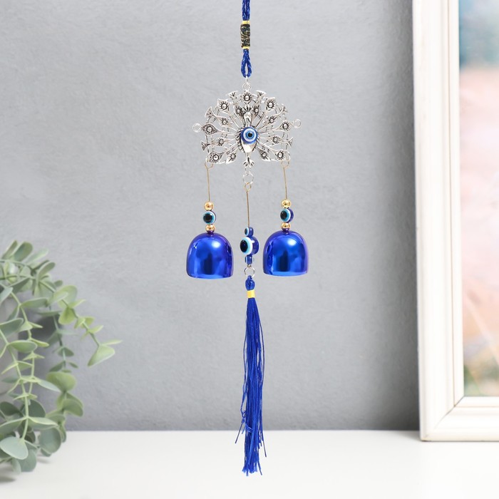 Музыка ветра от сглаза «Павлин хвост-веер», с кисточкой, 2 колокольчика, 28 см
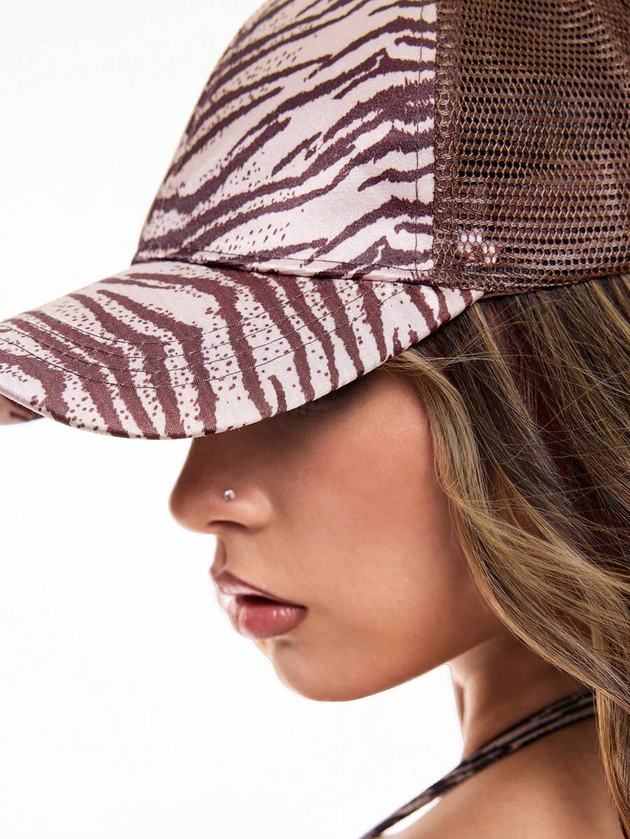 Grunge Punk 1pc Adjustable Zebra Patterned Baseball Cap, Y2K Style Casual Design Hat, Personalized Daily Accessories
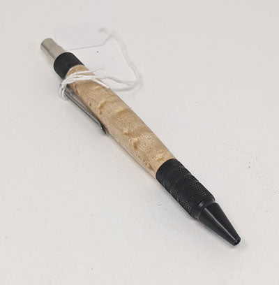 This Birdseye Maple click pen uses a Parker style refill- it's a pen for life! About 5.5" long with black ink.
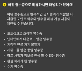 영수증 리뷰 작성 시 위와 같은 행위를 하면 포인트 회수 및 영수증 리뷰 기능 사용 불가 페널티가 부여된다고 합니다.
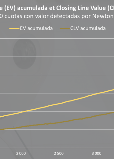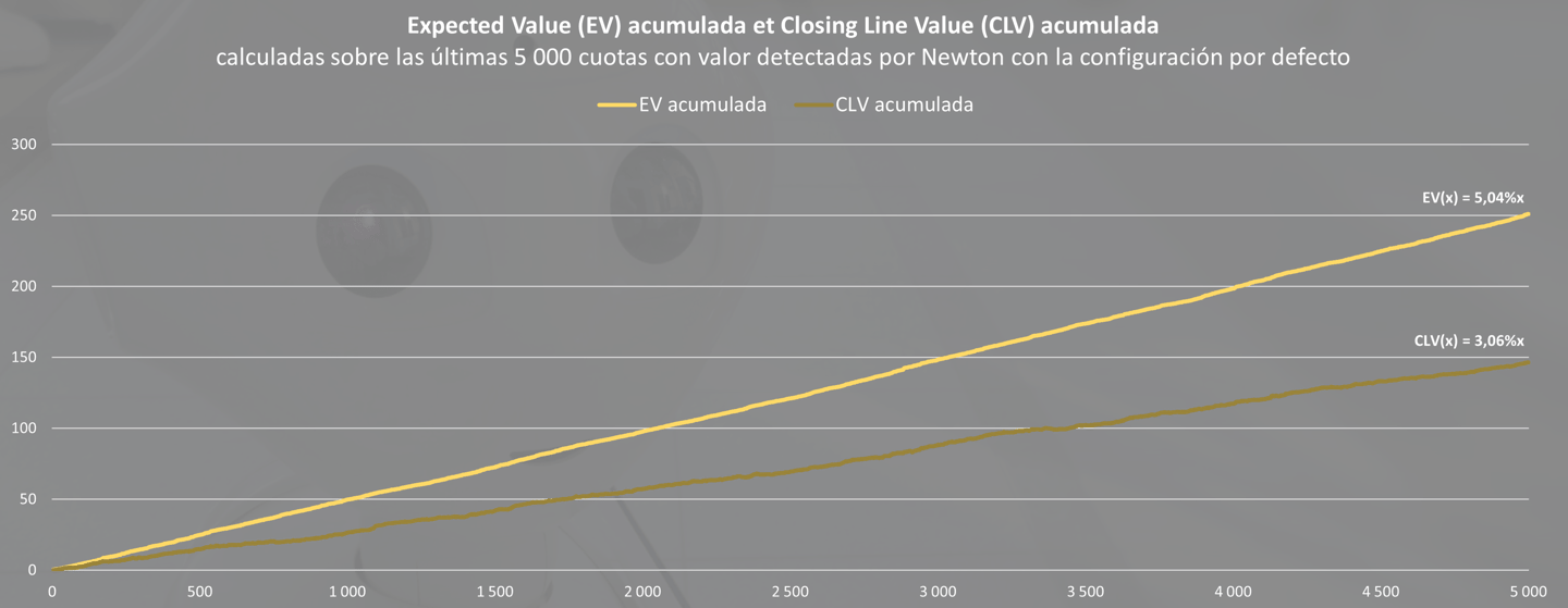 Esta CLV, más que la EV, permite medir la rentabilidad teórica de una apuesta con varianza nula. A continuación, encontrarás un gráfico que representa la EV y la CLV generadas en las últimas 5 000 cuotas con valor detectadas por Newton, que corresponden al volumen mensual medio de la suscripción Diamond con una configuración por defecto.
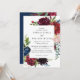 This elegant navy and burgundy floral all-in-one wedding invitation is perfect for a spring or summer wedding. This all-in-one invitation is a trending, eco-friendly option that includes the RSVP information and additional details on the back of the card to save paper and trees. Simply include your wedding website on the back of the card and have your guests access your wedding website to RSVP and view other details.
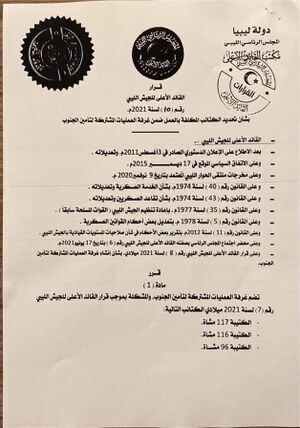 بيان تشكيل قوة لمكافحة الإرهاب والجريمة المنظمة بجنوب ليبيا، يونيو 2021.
══════════
◆ **Your instructions**: Make an exact copy of only those lines that run from the line with "Grunge Punk 1pc" through the end of the records, excluding pictures.

◆ **Output for this task**:
 Grunge Punk 1pc Adjustable Zebra Patterned Baseball Cap, Y2K Style Casual Design Hat, Personalized Daily Accessories
 This Birdseye Maple click pen uses a Parker style refill- it's a pen for life! About 5.5" long with black ink.
 영수증 리뷰 작성 시 위와 같은 행위를 하면 포인트 회수 및 영수증 리뷰 기능 사용 불가 페널티가 부여된다고 합니다.
 Esta CLV, más que la EV, permite medir la rentabilidad teórica de una apuesta con varianza nula. A continuación, encontrarás un gráfico que representa la EV y la CLV generadas en las últimas 5 000 cuotas con valor detectadas por Newton, que corresponden al volumen mensual medio de la suscripción Diamond con una configuración por defecto.
 This elegant navy and burgundy floral all-in-one wedding invitation is perfect for a spring or summer wedding. This all-in-one invitation is a trending, eco-friendly option that includes the RSVP information and additional details on the back of the card to save paper and trees. Simply include your wedding website on the back of the card and have your guests access your wedding website to RSVP and view other details.
 بيان تشكيل قوة لمكافحة الإرهاب والجريمة المنظمة بجنوب ليبيا، يونيو 2021.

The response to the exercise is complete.